Il n’existe pas UNE sexualité lesbienne. Il y a des sexualités, qui peuvent être toutes aussi variées, changeantes, multiples que nos identités.
Bien sûr, il est possible que certaines femmes pratiquent et aiment cette position étrange du ciseau qui semble avoir tant fait kiffer Kechiche et le public mâle hétérosexuel. Tout est possible. Mais vu la rareté des représentations de la sexualité lesbienne (ou gay) dans l’art ou au cinéma, nous prêtons particulièrement attention à la manière dont nous sommes représentés.
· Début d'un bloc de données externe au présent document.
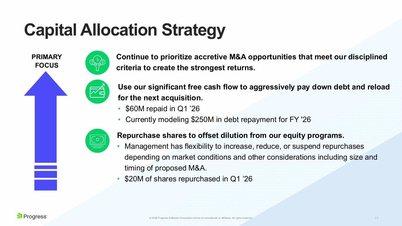 11© 2025 Progress Software Corporation and/or its subsidiaries or aff iliates. All rights reserved.6 Capital Allocation Strategy PRIMARY FOCUS Continue to prioritize accretive M&A opportunities that meet our disciplined criteria to create the strongest returns. Repurchase shares to offset dilution from our equity programs. • Management has flexibility to increase, reduce, or suspend repurchases depending on market conditions and other considerations including size and timing of proposed M&A. • $20M of shares repurchased in Q1 ’26 Use our significant free cash flow to aggressively pay down debt and reload for the next acquisition. • $60M repaid in Q1 ’26 • Currently modeling $250M in debt repayment for FY '26
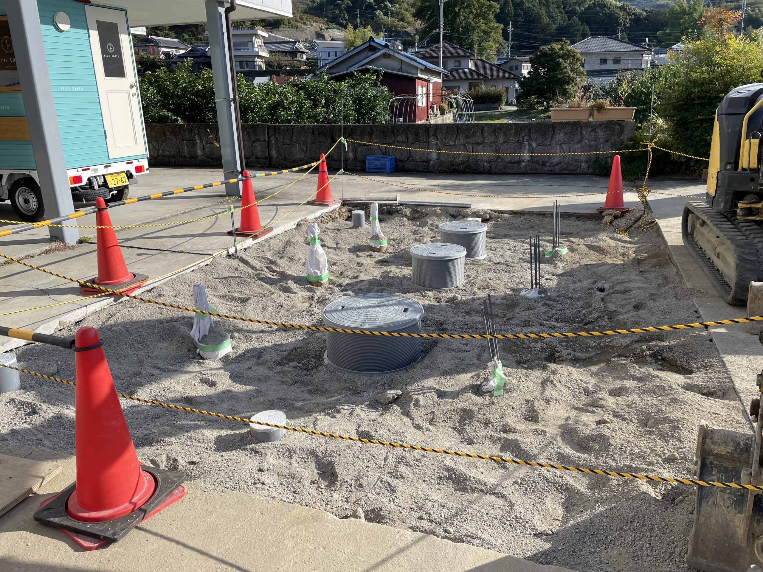 浄化槽の工事ももうすぐ終わり、後は駐車スペースに車椅子マークの表示工事を行う予定です。
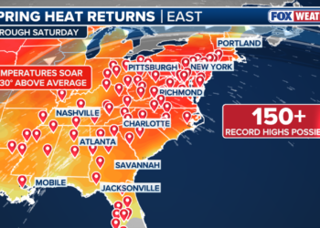 A potentially record-shattering spring heatwave is sweeping across the US East Coast, sending temperatures skyrocketing and triggering warnings to stay ...
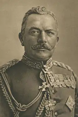 The corps was then transferred to the Eastern Front and assigned to the 11th Army under August von Mackensen for the Gorlice–Tarnów Offensive.[29] The X Army Corps was initially the 11th Army's reserve, but on the second day of the offensive, Emmich led a reinforced corps, consisting of the 11th Bavarian Infantry Division, the 20th Infantry Division and the 119th Infantry Division, into battle against the Russians.[30] The Russians were forced back, and Emmich's corps advanced, crossing the San in mid-May. On 14 May 1915, the Kaiser awarded Emmich the Oakleaves to the Pour le Mérite.[31]

Car, non, les gays ne passent pas leur temps à s’enculer. Non, les lesbiennes ne passent pas leur temps à se lécher la chatte ou faire les ciseaux. Toutes les positions et les pratiques sont valables, quelle que soit l’orientation sexuelle ou le genre des partenaires: levrette, missionnaire, cuillère, pour ne citer que les plus connues.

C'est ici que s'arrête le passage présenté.